My rating: 5 of 5 stars
Why read a fictional biography? Sometimes, there is no choice: biographies may be out of date, or nonexistent. When they are available, they may be too linear to capture more than the facts, just the facts, ma'am.
There are biographies of Josephine Baker, the "Black Pearl," if the reader wants to know who, what where, and when. I doubt there ever will be one that captures the wild energy, the passionate spirit, and the artistry that came together in this spectacular woman the way Sherry Jones has done. She has shown us the how and why, and filled in the spaces - the beauty and the ugliness, both - that underlay the public spectacle of the glittering international star.
The Josephine Baker who sailed to Paris in 1925 had already powered through enough personal suffering and systemic racism to flatten most people. But, with unlimited talent and drive, she escaped initial rejections in the United States ("too skinny and too dark") by landing a job that took her to the integrated world of Paris. There, her breakthrough abandon and energy in "La Danse de Sauvage," clad only in a skirt made of faux bananas, brought artistic acclaim and access to all she ever wished for: the extravagant lifestyle, a starring role at the Folies Bergere, a film career. She searched endlessly for love while hobnobbing with Colette, Gertrude Stein, Hemingway, and the rest of the expatriates.
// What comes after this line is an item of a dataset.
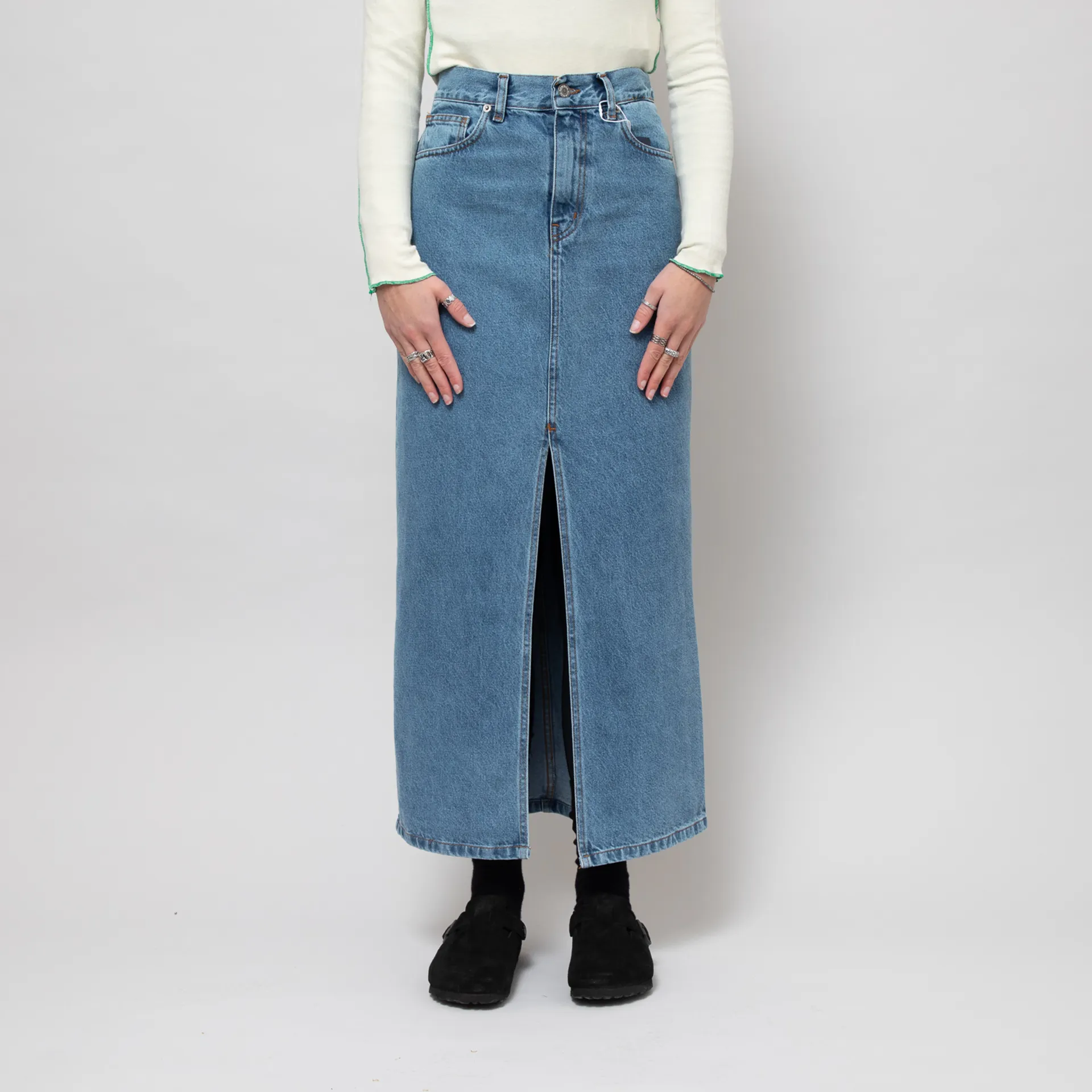 The Moliere Skirt from Rita Row has been cut in a regular fit for everyday comfort and is constructed from soft cotton/recycled cotton denim. It features a zip and button fly, leading up to a classic belt loop waist, with a five-pocket design and a single slit down the centre front.

Her dreams of Europe changed as Brownshirts and Nazis came to her shows and made their vicious intentions clear. A return to New York showed her that not even her fame could break through the racism, and she returned to Europe, disillusioned.
She continued to sing and dance and act the role as an international sensation, but used her position to work as a spy and pilot for the Resistance, facing mortal danger in the name of freedom. After the war, she shifted her focus to challenge racial discrimination wherever her career took her, despite personal heartaches and ill health. Back in America, she forced nighclubs to integrate if they wanted her to sing, she called attention to African-Americans on Death Row who were victims of racist justice, and she participated in very public and challenging actions with the NAACP.
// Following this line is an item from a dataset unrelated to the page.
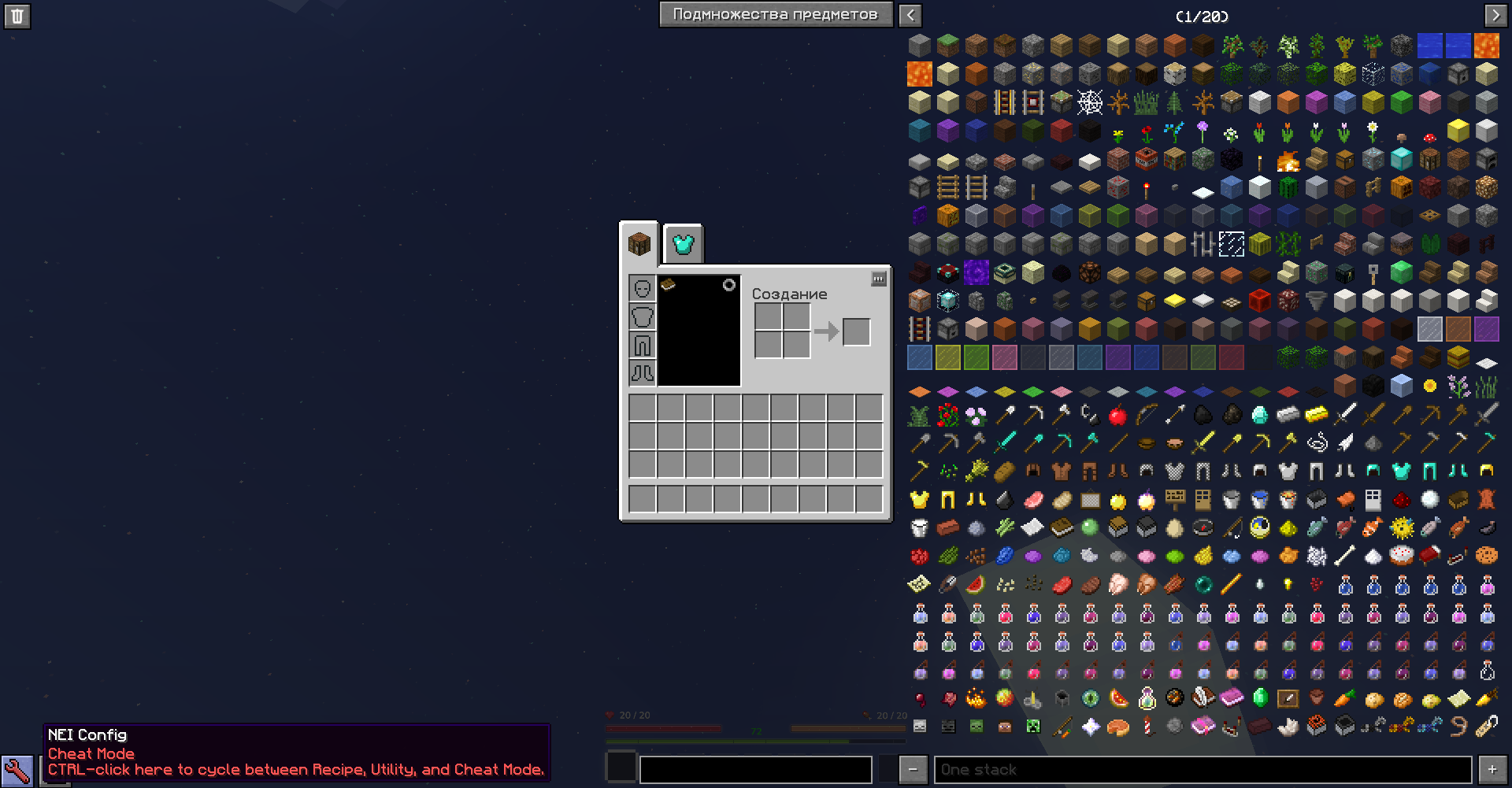 По умолчанию, интерфейс включается и отключается на кнопку "O". Внизу есть строка поиска, для ввода названия предмета. Сверху, во вкладке "Подмножества предметов" вы можете настроить сортировку по модам. В левом нижнем углу есть кнопка, открывающая меню настроек, где вы можете посмотреть текущие назначения клавиш для работы с интерфейсом и отредактировать их.

The happiest day of her life, she said, was when she participated with Joan Baez and others, introducing Rev. Martin Luther King before he gave his speech, "I have a dream." Later, she created a Rainbow Tribe by adopting twelve children, demonstrating how beautiful a multi-ethnic world could be.
All of the episodes in this gritty and granular novel are set as her memories during her last performance, celebrating fifty years of stardom in Paris. The reader will come away breathless with admiration for the power and energy of Josephine Baker's life, and how she used her fame to better the world. Watching videos on YouTube is a pale introduction to this groundbreaking woman. The reader's imagination will be well-served by this stunning novel.
Five stars, because only five are available.